Uddrag fra Goldman Sachs:

We are entering the fourth week of President Trump’s term. The tariff threat has so far been used for fentanyl and immigration, but this week it shited to supply chain security (over the weekend announced 25% tariffs on aluminum and steel imports from all countries) and trade imbalances (pre-announced news conference on trade reciprocity).

That threat was implemented just after 5pm on Monday, when Trump ordered a 25% tariff on steel and aluminum imports, escalating efforts to protect politically important US industries with levies hitting some of the country’s closest allies, most notably Canada (see below), which is the source of most steel…

… and virtually all aluminum imports (source).

Some context: roughly a quarter of all steel used in the United States is imported, the bulk of it from Mexico and Canada or countries Asia and Europe like Japan, South Korea and Germany.

While China is the world’s largest steel producer and exporter, very little is sent to the United States. Tariffs of 25% imposed in 2018 shut most Chinese steel out of the market. China exported only 508,000 net tons of steel to the U.S. last year or 1.8% of total American steel imports.

In the case of aluminum, the U.S. is more heavily reliant on imports. Roughly half all aluminum used in the U.S. is imported, The vast majority comes from Canada. At 3.2 million tons last year, Canadian imports were twice the next nine countries combined.

Trump’s move comes on top of new 10% tariffs on goods from China; 25% levies on Canada and Mexico that are currently paused; and the president’s plan to slap reciprocal duties on other nations. It is also the broadest-reaching action yet by Trump to confront US trade deficits and harness international commerce as a source of revenue.

Trump authorized the new tariffs under Section 232 of the Trade Expansion Act, which gives the president broad authority to impose trade restrictions on domestic security grounds. It is the same power that Trump used to levy steel and aluminum tariffs in 2018, during his first term in office. With his proclamations Monday, Trump is effectively reviving and expanding those tariffs.

A senior administration official said the action was necessary because steel and aluminum exporters abused exceptions under the previous policy, which hurt US producers. The official detailed the moves on a call with reporters earlier Monday on condition of anonymity.

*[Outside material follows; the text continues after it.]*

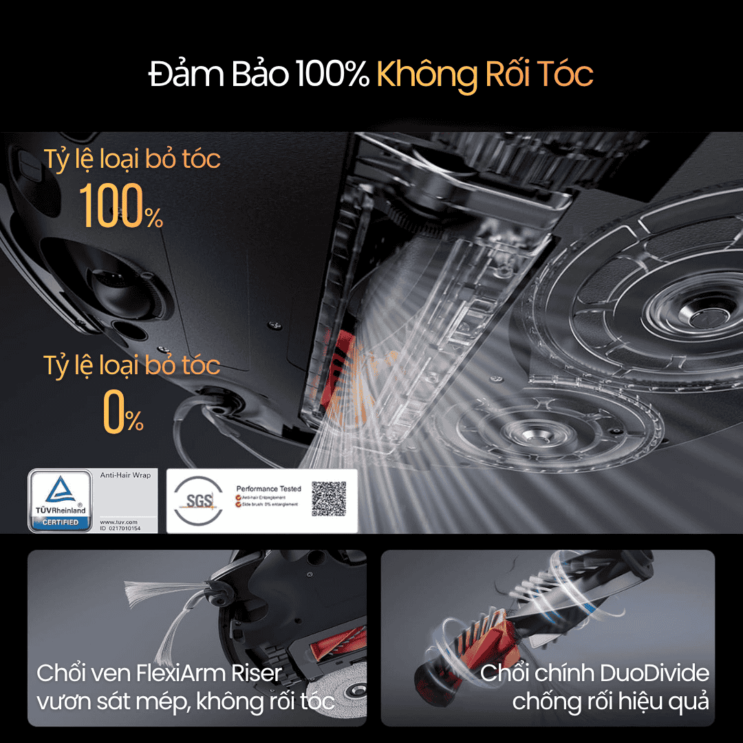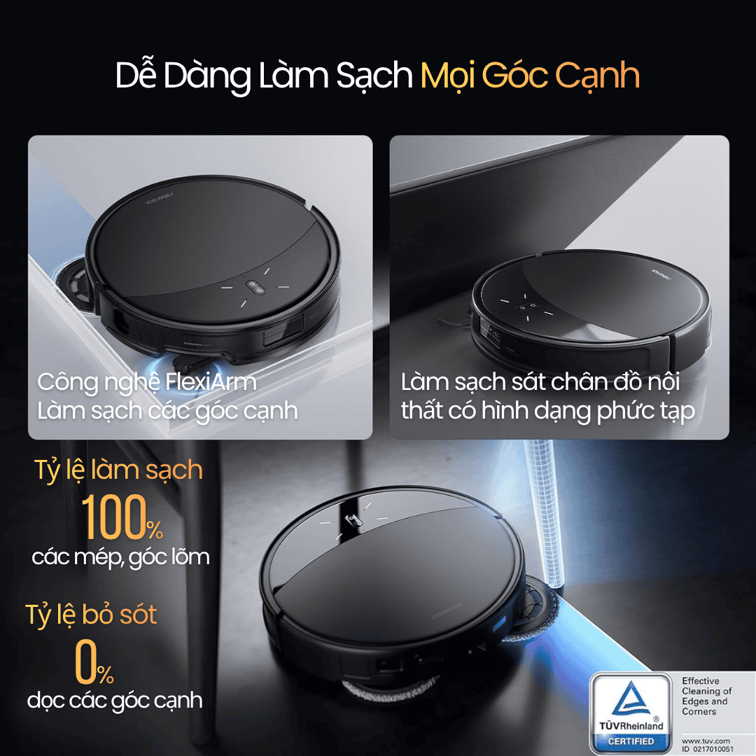 Công nghệ FlexiArm cho phép chổi cạnh tự mở rộng khi tiếp cận mép tường hoặc các góc khuất, giúp làm sạch chính xác 100% khu vực viền nhà.

According to Bloomberg, Trump’s decision to include downstream finished products is a significant move that will have broad-reaching price impacts on a massive swath of US consumers. Whereas Trump’s 2018 tariffs focused mostly on raw steelmaking and primary aluminum production, these new tariffs will include things like extrusions and slabs that are turned into value-added products needed in everything from automobiles to window frames and skyscrapers. The move would fulfill what the most extreme trade protectionists have sought for years.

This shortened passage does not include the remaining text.